Abstract
This report describes cerebral aneurysmal rupture with asymmetry of ipsilateral dural sinus hypoplasia using quantitative color-coded I-Flow cerebral venography to identify the venous pressure gradient. We suggest the pressure gradient may be a potential factor in cerebral aneurysmal rupture. We used I-Flow quantitative cerebral venography to measure the venous pressure gradient during acute cerebral aneurysmal rupture and post embolization in a 67-year-old woman who presented with clinical symptoms of left third nerve palsy for several days with mild headache initially without subarachnoid hemorrhage. We encountered a high venous pressure gradient of severe ipsilateral dural sinus hypoplasia during acute rupture of a posterior communicating aneurysm. Venous dural sinus asymmetry has been considered a congenital benign and non-pathological condition. However, this case may present severe hypoplasia of the dural sinus with potential pressure gradient in some unusual condition. A high venous pressure gradient may be another factor in cerebral aneurysmal rupture.
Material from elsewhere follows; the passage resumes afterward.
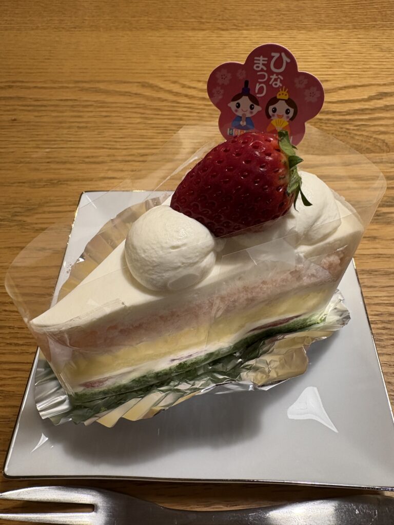 最寄りのケーキ屋でひなまつりショートケーキを一切れ買って、

Keywords: asymmetry, venous sinus, aneurysm, rupture, subarachnoid hemorrhage
Introduction
Varied factors may be related to the etiology of cerebral aneurysmal rupture. Although asymmetry of the cerebral venous sinus is a potential factor, yet venous pressure measurement has not been described with aneurysmal rupture1,2. This report describes an acute aneurysmal rupture with severe hypoplasia of the ipsilateral dural sinus. We used I-Flow quantitative cerebral venography to identify the high venous pressure gradient as being a possible factor of cerebral aneurysm rupture.
Case Report
A 67-year-old woman presented with left third nerve palsy for several days. She had a long history of poorly controlled hypertension. Initial CT showed no evidence of subarachnoid (SAH) or other intracranial hemorrhage. However, contrast-enhanced CT did disclose a posterior communicating aneurysm.
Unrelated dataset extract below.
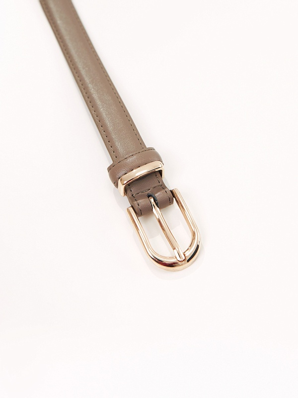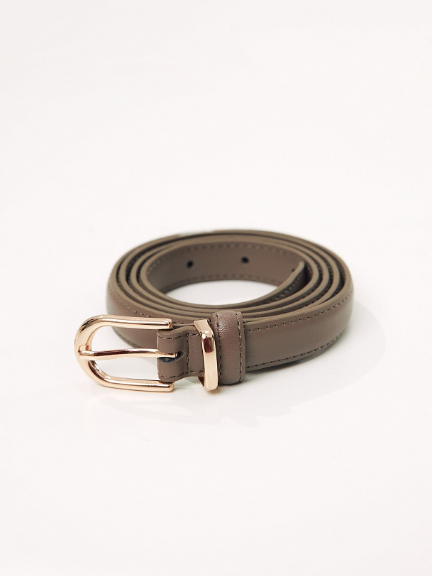 Универсальный ремень из гладкой натуральной кожи в цвете капучино. Края ремня прострочены, что делает его более долговечным. Ремень застегивается на минималистичную металлическую пряжку с золотым отблеском и металлическую шлевку. Ремень представлен в трех размерах: S длиной 100 см, M длиной 110 см и L длиной 120 см. Ширина 2 см.

She was then referred for cerebral angiography and endovascular therapy since it was a non-ruptured aneurysm. Her clinical GCS was 15 and the same as on the angiography table initially. Cerebral angiography again confirmed a 6.5×8.5×5.2 mm wide-necked lobulated aneurysm at the left posterior communicating artery. Ipsilateral atresia of the left transverse sinus and hypoplasia of the left sigmoid sinus and left jugular vein were also noted. However, bilateral venous flows were equal and symmetrical by I-Flow color-coded quantitative measurements. She suddenly lapsed into a coma awaiting preparation of coiling and consent from her family.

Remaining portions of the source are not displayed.